BEGIN Dataset extract

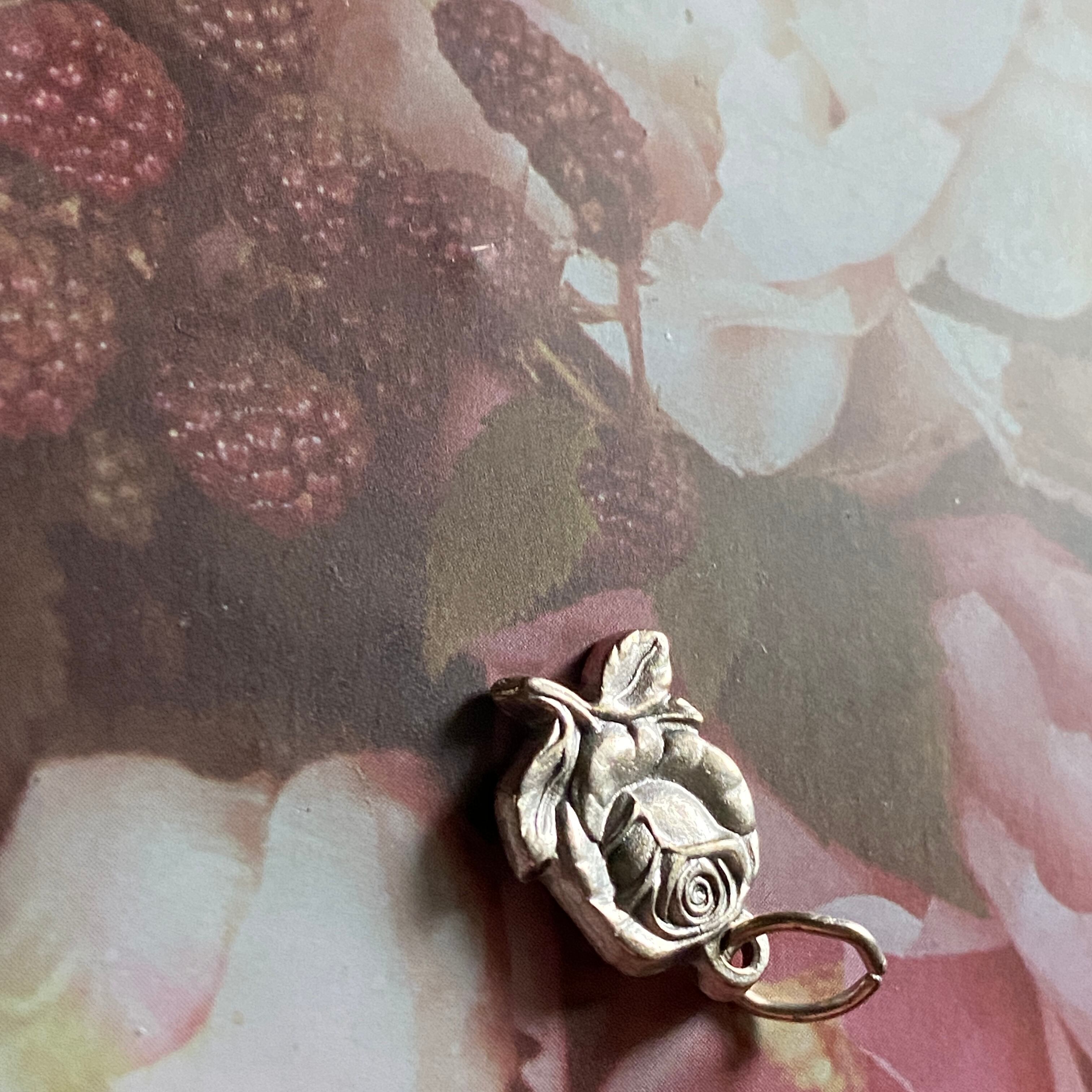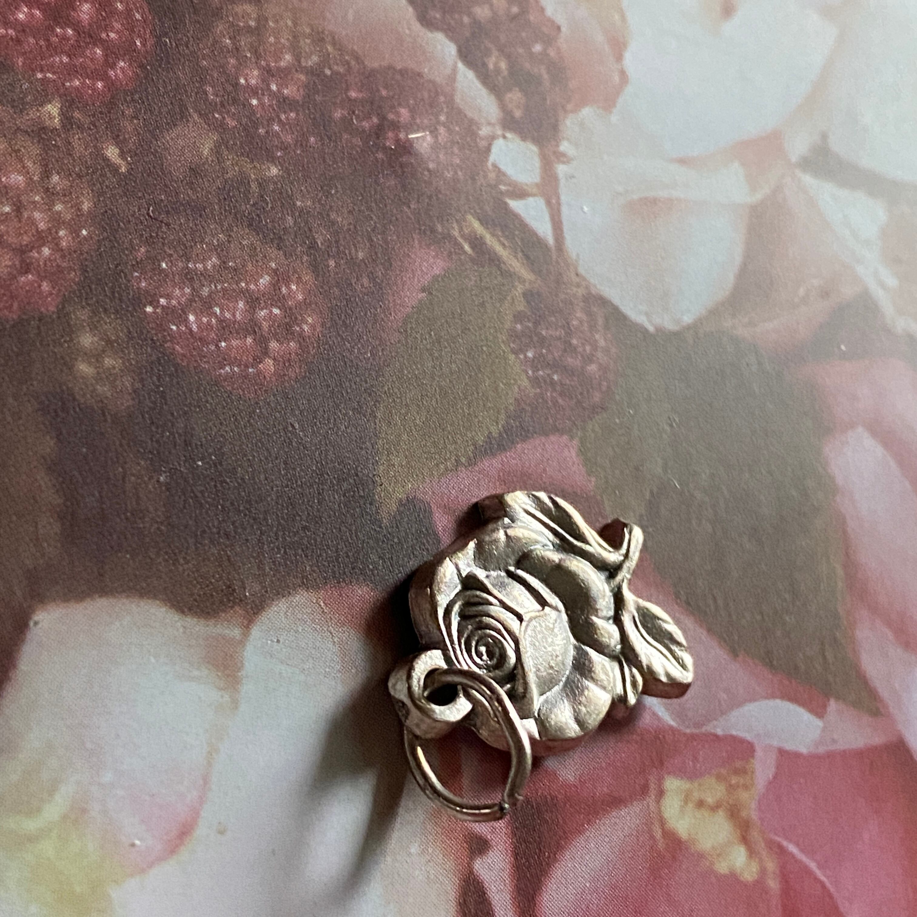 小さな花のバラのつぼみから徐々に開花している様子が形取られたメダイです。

END Dataset extract
BEGIN Dataset extract

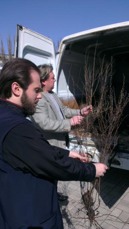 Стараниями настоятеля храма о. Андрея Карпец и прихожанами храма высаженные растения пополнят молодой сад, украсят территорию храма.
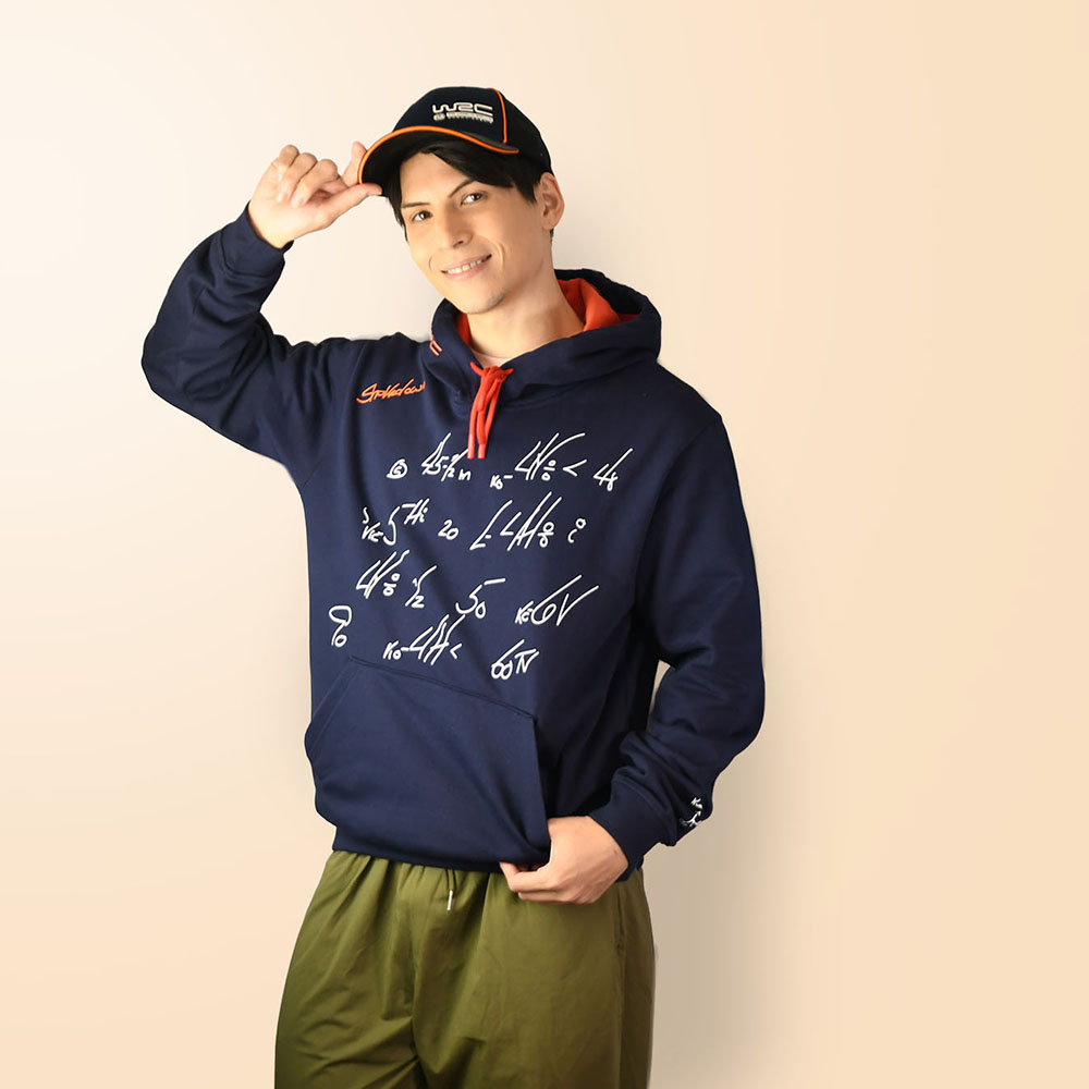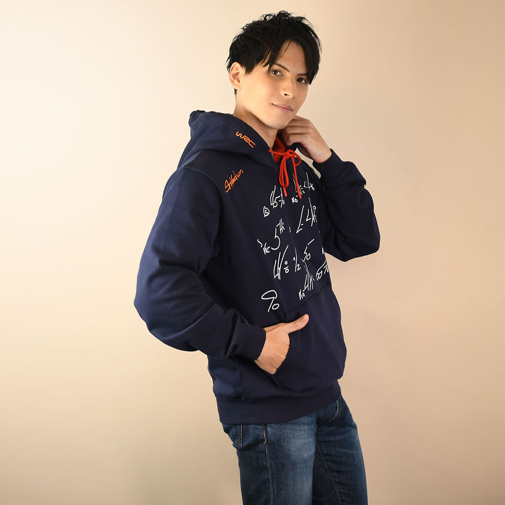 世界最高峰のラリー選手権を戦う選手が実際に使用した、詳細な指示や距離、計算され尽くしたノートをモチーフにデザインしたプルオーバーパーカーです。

END Dataset extract

*What to do*:
Write out the lines above from the one with "Стараниями настоятеля храма" through the one with "世界最高峰のラリー選手権を戦", ends included, exactly; no picture goes in.

*Solution to this task*:
 Стараниями настоятеля храма о. Андрея Карпец и прихожанами храма высаженные растения пополнят молодой сад, украсят территорию храма.
 世界最高峰のラリー選手権を戦う選手が実際に使用した、詳細な指示や距離、計算され尽くしたノートをモチーフにデザインしたプルオーバーパーカーです。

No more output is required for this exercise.